*TASK TO CARRY OUT*: Your task is to transcribe the data exactly while omitting each picture.
START EXERCISE DATA
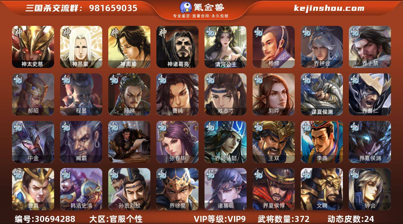 官阶:大将军;VIP等级:VIP9;史诗武将数量:39;动态皮肤数量:24;武将总数:372;史诗宝珠数量:0;将魂数量:5166;神将:2;魏国史诗武将:16;蜀国史诗武将:11;吴国史诗武将:6;群史诗武将:11 神太史慈,神诸葛亮,杨修,界钟会,界于禁,郝昭,陈琳,曹纯,戏志才,刘晔,清河公主,程昱,关索,马云騄,谋赵云,谋马超,诸葛瞻,赵襄,张星彩,王平,沙摩柯,界黄忠,鲍三娘,孙皓,孙寒华,骆统,留赞,界徐盛,贺齐,裴秀,左慈,张让,苏飞,祢衡,沮授,界左慈,界李儒,陈登,许攸,兀突骨,神吕蒙,神周瑜,SP关羽,SP蔡文姬,乐进,曹昂,诸葛诞,朱灵,文聘,SP姜维,张春华,钟会,曹冲,郭淮,满宠,界王异,界曹操,界司马懿,界夏侯惇,界张辽,界许褚,界郭嘉,李典,曹真,韩浩史涣,陈群,曹叡,曹休,钟繇,司马朗,王基,李通,郭皇后,孙资刘放,辛宪英,鲁芝,蒯越蒯良,界典韦,界荀彧,界徐晃,杜畿,界曹丕,毌丘俭,界邓艾,贾逵,界曹植,界曹彰,界满宠,界郭淮,卞夫人,辛毗,华歆,蔡贞姬,袁涣,王双,阮慧,谋徐晃,谋于禁,界曹休,谋夏侯渊,牛金,界夏侯渊,界曹仁,臧霸,SP孙尚香,关银屏,夏侯霸,马良,关兴张苞,廖化,界马岱,关平,简雍,刘封,界法正,界关兴张苞,界刘备,界关羽,界张飞,界赵云,界马超,SP徐庶,吴懿,周仓,张松,刘谌,夏侯氏,糜竺,孙乾,李严,黄皓,吴苋,秦宓,界黄月英,界诸葛亮,赵统赵广,严颜,界伊籍,界卧龙诸葛,界庞统,陈到,界姜维,界刘禅,张翼,杨仪,界廖化,邓芝,傅肜,界简雍,费祎,糜夫人,王甫赵累,界周仓,向宠,彭羕,谋庞统,谋姜维,谋张飞,霍峻,诸葛果,界魏延,蒋琬费祎,甘夫人,鲁肃,孙茹,凌操,大乔小乔,诸葛恪,诸葛瑾,孙鲁育,程普,韩当,潘璋马忠,虞翻,朱然,界周泰,界甘宁,界吕蒙,界黄盖,界周瑜,界大乔,界陆逊,孙鲁班,朱桓,顾雍,朱治,全琮,阚泽,孙登,岑昏,徐氏,薛综,界孙权,界孙尚香,潘濬,SP庞统,陆绩,孙亮,严畯,界孙坚,吕岱,周鲂,周妃,陆抗,界孙策,界张昭张纮,许贡,卫温诸葛直,界...
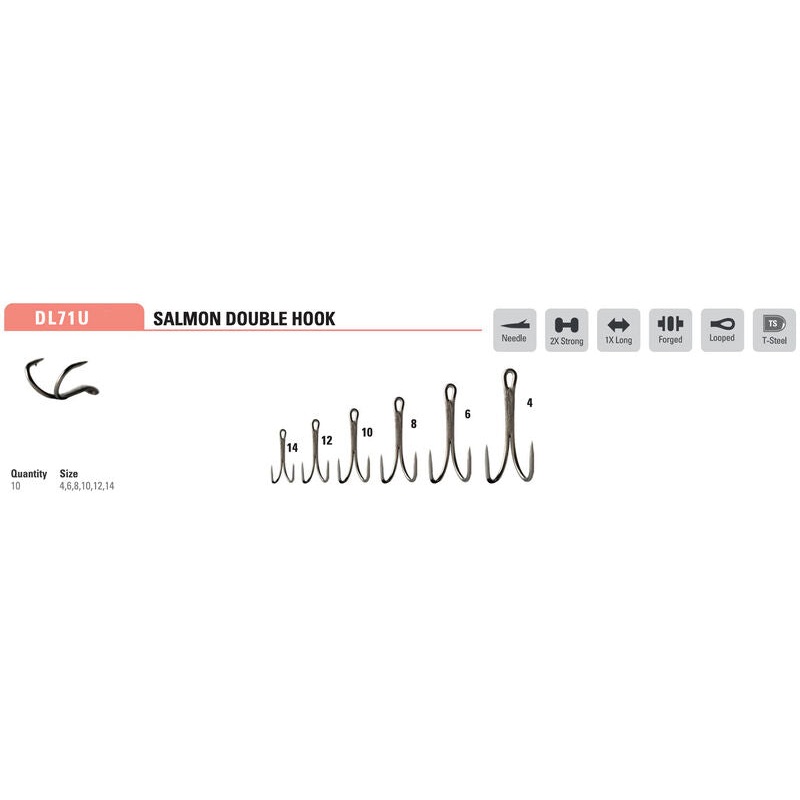 The DL71UAP is a 2X strong, 1X long looped up eye, forged, double salmon hook for both modern and traditional patterns. This Salmon Double Fly Hook comes equiped with Mustad’s Titan Steel finish, designed for a sleek look and extreme saltwater-resistance.
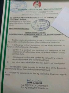 The EFCC said, “The commission is investigating a case of contract scam in which the need for clarification from your office has become imperative. In furtherance to the investigation, you are kindly requested to furnish us with the following information; confirm if a contact was awarded and approved for the construction of a perimeter fence at Federal University, Gusau, Zamfara State.
END EXERCISE DATA
*TASK ANSWER*:
 官阶:大将军;VIP等级:VIP9;史诗武将数量:39;动态皮肤数量:24;武将总数:372;史诗宝珠数量:0;将魂数量:5166;神将:2;魏国史诗武将:16;蜀国史诗武将:11;吴国史诗武将:6;群史诗武将:11 神太史慈,神诸葛亮,杨修,界钟会,界于禁,郝昭,陈琳,曹纯,戏志才,刘晔,清河公主,程昱,关索,马云騄,谋赵云,谋马超,诸葛瞻,赵襄,张星彩,王平,沙摩柯,界黄忠,鲍三娘,孙皓,孙寒华,骆统,留赞,界徐盛,贺齐,裴秀,左慈,张让,苏飞,祢衡,沮授,界左慈,界李儒,陈登,许攸,兀突骨,神吕蒙,神周瑜,SP关羽,SP蔡文姬,乐进,曹昂,诸葛诞,朱灵,文聘,SP姜维,张春华,钟会,曹冲,郭淮,满宠,界王异,界曹操,界司马懿,界夏侯惇,界张辽,界许褚,界郭嘉,李典,曹真,韩浩史涣,陈群,曹叡,曹休,钟繇,司马朗,王基,李通,郭皇后,孙资刘放,辛宪英,鲁芝,蒯越蒯良,界典韦,界荀彧,界徐晃,杜畿,界曹丕,毌丘俭,界邓艾,贾逵,界曹植,界曹彰,界满宠,界郭淮,卞夫人,辛毗,华歆,蔡贞姬,袁涣,王双,阮慧,谋徐晃,谋于禁,界曹休,谋夏侯渊,牛金,界夏侯渊,界曹仁,臧霸,SP孙尚香,关银屏,夏侯霸,马良,关兴张苞,廖化,界马岱,关平,简雍,刘封,界法正,界关兴张苞,界刘备,界关羽,界张飞,界赵云,界马超,SP徐庶,吴懿,周仓,张松,刘谌,夏侯氏,糜竺,孙乾,李严,黄皓,吴苋,秦宓,界黄月英,界诸葛亮,赵统赵广,严颜,界伊籍,界卧龙诸葛,界庞统,陈到,界姜维,界刘禅,张翼,杨仪,界廖化,邓芝,傅肜,界简雍,费祎,糜夫人,王甫赵累,界周仓,向宠,彭羕,谋庞统,谋姜维,谋张飞,霍峻,诸葛果,界魏延,蒋琬费祎,甘夫人,鲁肃,孙茹,凌操,大乔小乔,诸葛恪,诸葛瑾,孙鲁育,程普,韩当,潘璋马忠,虞翻,朱然,界周泰,界甘宁,界吕蒙,界黄盖,界周瑜,界大乔,界陆逊,孙鲁班,朱桓,顾雍,朱治,全琮,阚泽,孙登,岑昏,徐氏,薛综,界孙权,界孙尚香,潘濬,SP庞统,陆绩,孙亮,严畯,界孙坚,吕岱,周鲂,周妃,陆抗,界孙策,界张昭张纮,许贡,卫温诸葛直,界...
 The DL71UAP is a 2X strong, 1X long looped up eye, forged, double salmon hook for both modern and traditional patterns. This Salmon Double Fly Hook comes equiped with Mustad’s Titan Steel finish, designed for a sleek look and extreme saltwater-resistance.
 The EFCC said, “The commission is investigating a case of contract scam in which the need for clarification from your office has become imperative. In furtherance to the investigation, you are kindly requested to furnish us with the following information; confirm if a contact was awarded and approved for the construction of a perimeter fence at Federal University, Gusau, Zamfara State.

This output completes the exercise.